A Text-to-SQL deep agent built with LangChain DeepAgents and Amazon Bedrock, with comprehensive evaluation patterns using LangSmith.
This repository accompanies the blog post Evaluating Deep Agents with LangSmith and AWS and demonstrates five evaluation patterns for testing agentic AI systems.
Before getting started, ensure you have:
- Python 3.9 or later installed
- AWS account with Amazon Bedrock access enabled (Claude Sonnet model)
- AWS CLI configured with valid credentials (
aws configure) - LangSmith account — sign up at smith.langchain.com and generate an API key
- Git for cloning the repository
git clone <repository-url>
cd langsmith-deep-agents-eval
python -m venv .venv
source .venv/bin/activate
pip install -e .Copy the example environment file and fill in your values:
cp .env.example .envEdit .env with your LangSmith API key:
AWS_REGION=us-east-1
LANGCHAIN_TRACING_V2=true
LANGSMITH_ENDPOINT=https://api.smith.langchain.com
LANGCHAIN_API_KEY=<your_langsmith_api_key>
LANGCHAIN_PROJECT=text2sql-deepagent-bedrock
The .env file is intended for local development only and is excluded from version control via .gitignore. For production deployments:
- AWS Secrets Manager: Store API keys as secrets and retrieve them programmatically with
boto3. - AWS Systems Manager Parameter Store: Store keys as SecureString parameters.
- Never commit API keys, credentials, or
.envfiles to version control.
Run a single test to confirm everything is configured:
pytest tests/evals/test_text_to_sql_evals.py::test_simple_query_calls_correct_tool -vYou should see the test pass and a trace URL in the output. Visit your LangSmith dashboard to confirm the trace was logged.
Run all five evaluation patterns:
pytest tests/evals/ -vThe five patterns demonstrated are:
- LLM-as-judge — LLM grades complex analytical answers against a rubric
- Single-step eval — Verify the agent's first decision is correct
- Full trajectory eval — Check tool usage sequence and final answer
- Multi-turn eval — Test follow-up questions that depend on prior context
- Environment/state checks — Verify SQL safety and agent behavior
This project uses billable services:
- Amazon Bedrock charges per API call based on input/output tokens. Each test invokes the agent (multiple LLM calls) plus an LLM judge call.
- LangSmith charges for trace storage and evaluation runs depending on your plan.
Running the full evaluation suite will incur costs for both services. Monitor your usage in the AWS Billing Console and LangSmith usage page.
To avoid ongoing charges after you are done:
- Amazon Bedrock: API calls stop when your code stops running. No persistent resources are created. Monitor your AWS Billing Console to confirm no unexpected charges.
- LangSmith project: Archive or delete the
text2sql-deepagent-bedrockproject in the LangSmith UI (Tracing Projects → select project → Settings → Delete). - Online evaluators: If you configured online evaluators, disable or delete them in the LangSmith UI to stop automated evaluation runs.

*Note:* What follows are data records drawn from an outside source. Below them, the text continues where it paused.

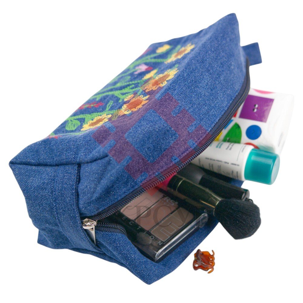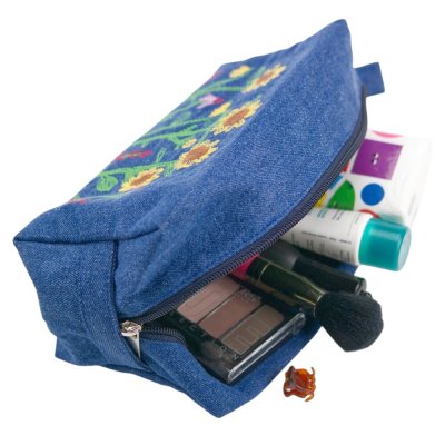 Модель має компактну, але дуже містку прямокутну форму, що дозволяє зручно розмістити косметику, доглядові засоби та інші потрібні дрібниці. Натуральна підкладка та міцна застібка-блискавка забезпечують комфорт у щоденному використанні, а щільний джинс допомагає косметичці добре тримати форму.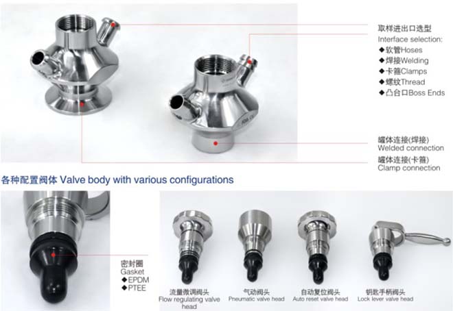 全新設(shè)計(jì)理念無菌取樣閥,滿足更高要求,美國3-A-64-00衛(wèi)生認(rèn)證,支持自動復(fù)位,鑰匙手柄,微調(diào)手輪,氣動,它們之前都可以相互更換。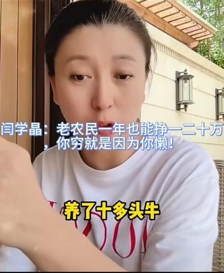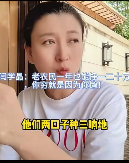 国家一级演员闫学晶在直播中表示:老农民一年也能挣一二十万,你穷就是因为你懒! 她还现身说法,举了一个例子,说是她大姐两口子,种了三垧地,养了十多头牛,一年也有十几二十万的收入。 评论区大部分网友认为闫学晶是“站着说话不腰疼”,大部分农民、可以说80-90%的农民靠种地是赚不到十几二十万的收入的。她可能脱离劳动农民这个群体太久了吧! 就闫学晶抛出的这个观点,你认可吗?
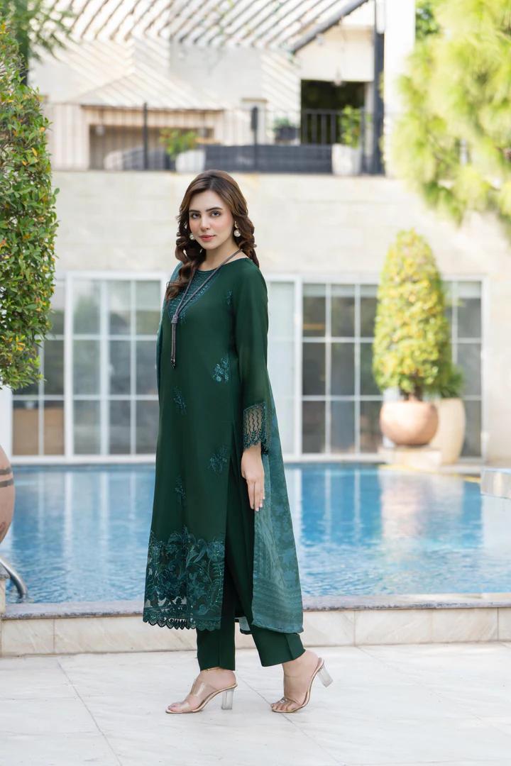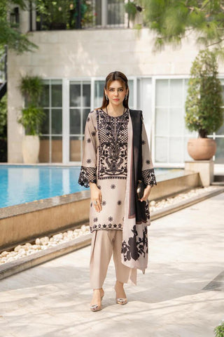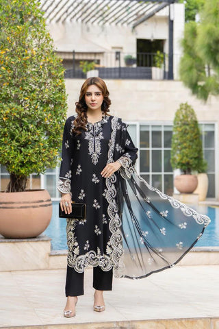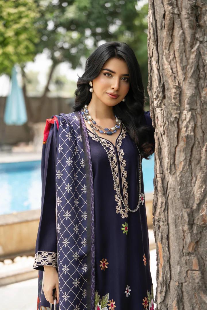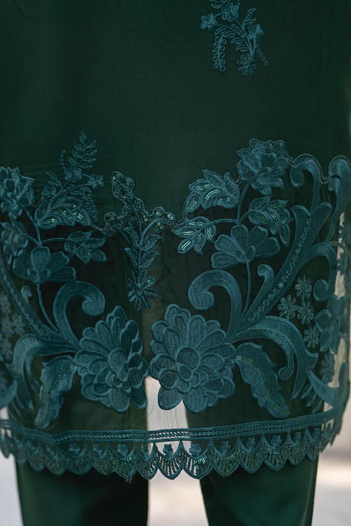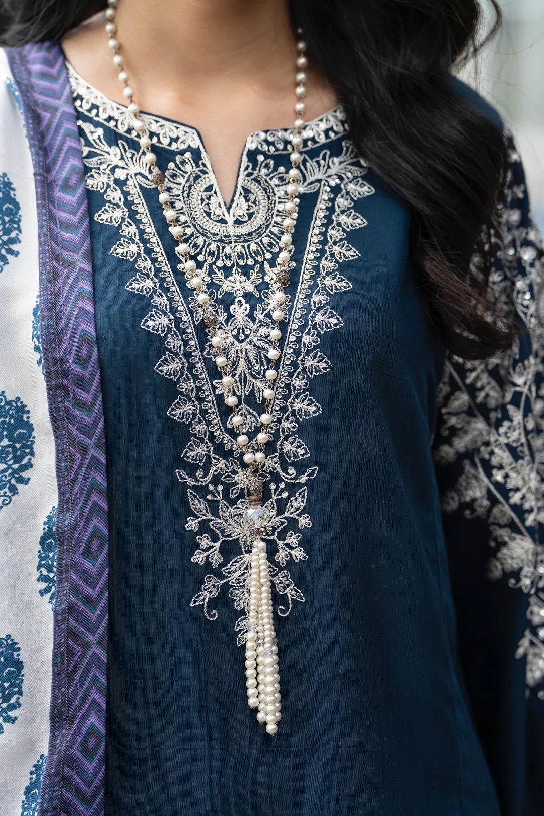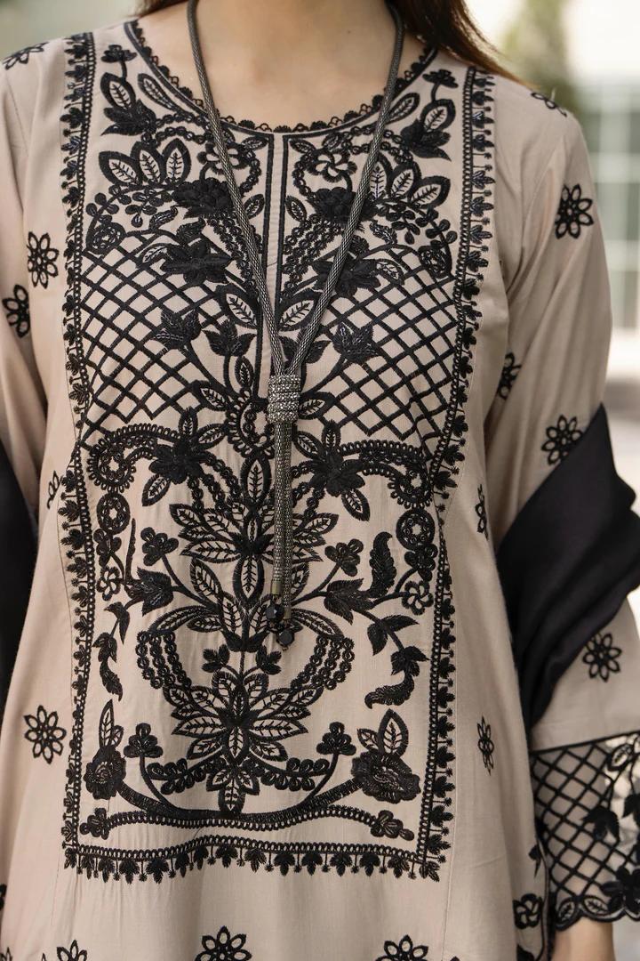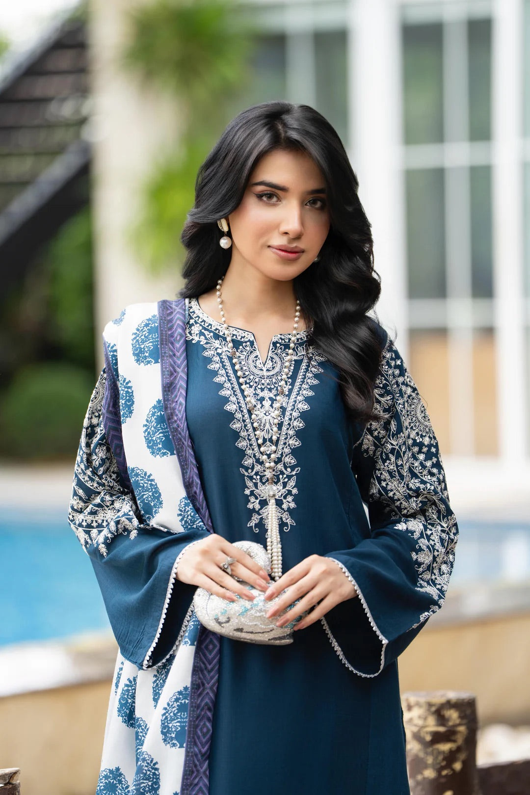 Crafted from premium slub linen, this deep colour collection ensemble radiates timeless sophistication. The straight-cut kameez features intricate tonal embroidery across the neckline and hem, complemented by delicate lace detailing on the sleeves. Paired with matching trousers and a beautifully woven dupatta, it's a perfect blend of elegance and comfort - ideal for both festive gatherings and elegant evenings.

- Environment variables: Remove or rotate your LangSmith API key if it is no longer needed.
Text-to-SQL agents can execute arbitrary SQL, so prompt-level instructions alone are not sufficient. This project applies several deterministic controls:
- Read-only database connection — The SQLite database is opened in read-only mode (
?mode=ro), soINSERT,UPDATE,DELETE, andDROPstatements fail at the database driver level regardless of what the agent generates. - Isolated agent workspace — The agent's
FilesystemBackendwrites to.agent_workspace/instead of the project root, limiting the blast radius if the agent is manipulated via prompt injection. - SQL safety assertions in evals — The evaluation suite checks that no DML statements appear in executed queries (see
test_complex_query_uses_planning_and_safe_sql). - Online safety evaluator — The
sql-safety-checkonline evaluator (seeonline_evaluators_setup.py) inspects every production trace for dangerous SQL keywords.
When adapting this pattern for production use with databases that require write access (e.g., PostgreSQL, MySQL), consider using a read-only database replica or a database user with SELECT-only permissions.
├── agent.py # CLI entrypoint for the text-to-SQL agent
├── chinook.db # SQLite Chinook sample database
├── skills/ # Deep agent skills (query writing, schema exploration)
├── tests/evals/
│ ├── conftest.py # Pytest fixtures (agent, model, database)
│ └── test_text_to_sql_evals.py # Five evaluation patterns
├── .env.example # Environment variable template
└── pyproject.toml # Project dependencies
See CONTRIBUTING for more information.
This library is licensed under the MIT-0 License. See the LICENSE file.